Offloading _parse_response() to a thread via asyncio.to_thread() is appropriate since JSON parsing with json.loads() is CPU-bound and could block the event loop for large responses.

The inherited _parse_response() method from ResponseParserMixin (lines 38-61) performs:

JSON parsing with json.loads(response.text)

Deserialization to data models via from_dict()

Both operations are synchronous and CPU-intensive, making thread offloading beneficial.

tests/rtc/test_pcm_data.py (1)

1565-1669: LGTM - Comprehensive test coverage for string representations.

The new tests effectively validate the __str__() and __repr__() methods for PcmData across multiple scenarios:

Mono vs. stereo vs. multichannel: Verifies correct channel descriptions ("Mono", "Stereo", "4-channel")

Format descriptions: Validates "16-bit PCM" for s16 and "32-bit float" for f32

Duration formatting: Checks both milliseconds (< 1.0s) and seconds (>= 1.0s) representations

Sample count and rate: Ensures these are included in the output

The test coverage aligns well with the implementation in getstream/video/rtc/track_util.py lines 179-223.

getstream/utils/__init__.py (3)

129-148: LGTM - Async wrapper offloads query parameter construction to thread pool.

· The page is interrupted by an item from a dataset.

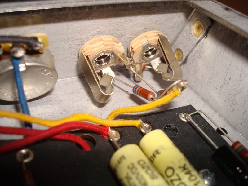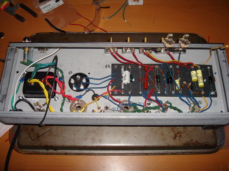 And a picture of where Im at now. I need to wire and ground 2 resistors on the pots and to wire the ac cord to the switch. If you guys spot anything out of place feel free to correct me.
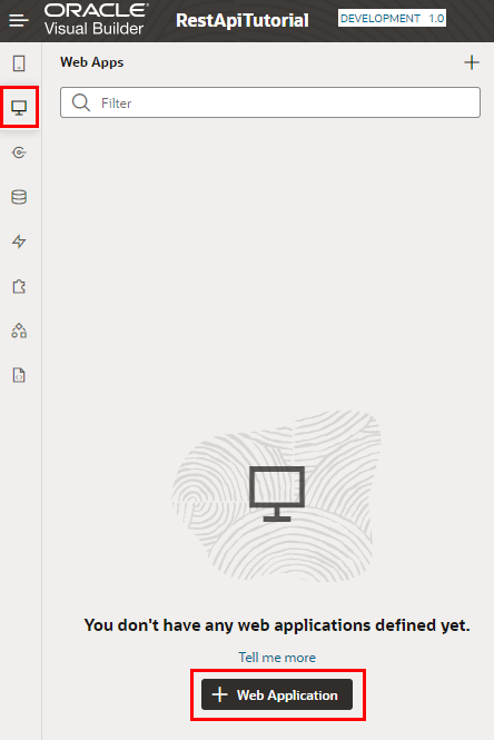 VBCS のビジュアル・アプリケーションは、1つ以上のWebアプリケーションまたはモバイル・アプリケーションを持ちます。 このチュートリアルでは、Webアプリケーションを作成します。

The build_query_param_async() function correctly delegates to the synchronous build_query_param() via asyncio.to_thread(), preventing blocking of the event loop during:

.to_json() method calls on objects

json.dumps() for dictionaries and complex objects

URL encoding with quote()

The docstring clearly indicates this offloads CPU-bound work, which sets appropriate expectations.

178-193: LGTM - Async wrapper offloads body dictionary construction to thread pool.

The build_body_dict_async() function correctly delegates to build_body_dict() via asyncio.to_thread(), offloading:

Recursive .to_dict() calls on nested objects

Traversal of nested dictionaries and lists

This prevents blocking the event loop when constructing complex request bodies with deep object hierarchies.

275-277: LGTM - Export list updated for new async utilities.

The __all__ list correctly includes the new async functions, making them part of the public API.

getstream/video/rtc/track_util.py (7)

170-177: LGTM - Standard repr implementation.

The __repr__() method delegates to __str__(), which is a common and acceptable pattern for providing both programmer and user-friendly representations.

179-223: LGTM - Clear and informative string representation.

The __str__() method provides a well-formatted, human-readable description of the audio data including:

Channel configuration (Mono/Stereo/n-channel)

Sample rate with units

Format description (16-bit PCM, 32-bit float)

Sample count

Duration with appropriate units (ms for < 1s, seconds for >= 1s)

The implementation correctly handles 2D array shapes by checking which dimension matches the channel count (lines 187-194).

638-638: LGTM - Simplified type checks rely on ndarray semantics.

The code now directly checks self.samples.dtype instead of first verifying isinstance(self.samples, np.ndarray). This simplification is safe because:

The constructor (lines 140-162) validates that samples have the correct dtype for the declared format

The constructor creates an empty ndarray with the correct dtype when samples is None (lines 130-137)

All methods that modify samples ensure they remain ndarrays

This reduces redundant type checking while maintaining correctness.

Also applies to: 679-679

725-726: LGTM - Simplified helper assumes ndarray.

The _ensure_ndarray() helper now simply returns pcm.samples directly, removing the previous type-checking branch. This is safe because the PcmData class invariants ensure samples is always an ndarray (enforced by the constructor and all mutation methods).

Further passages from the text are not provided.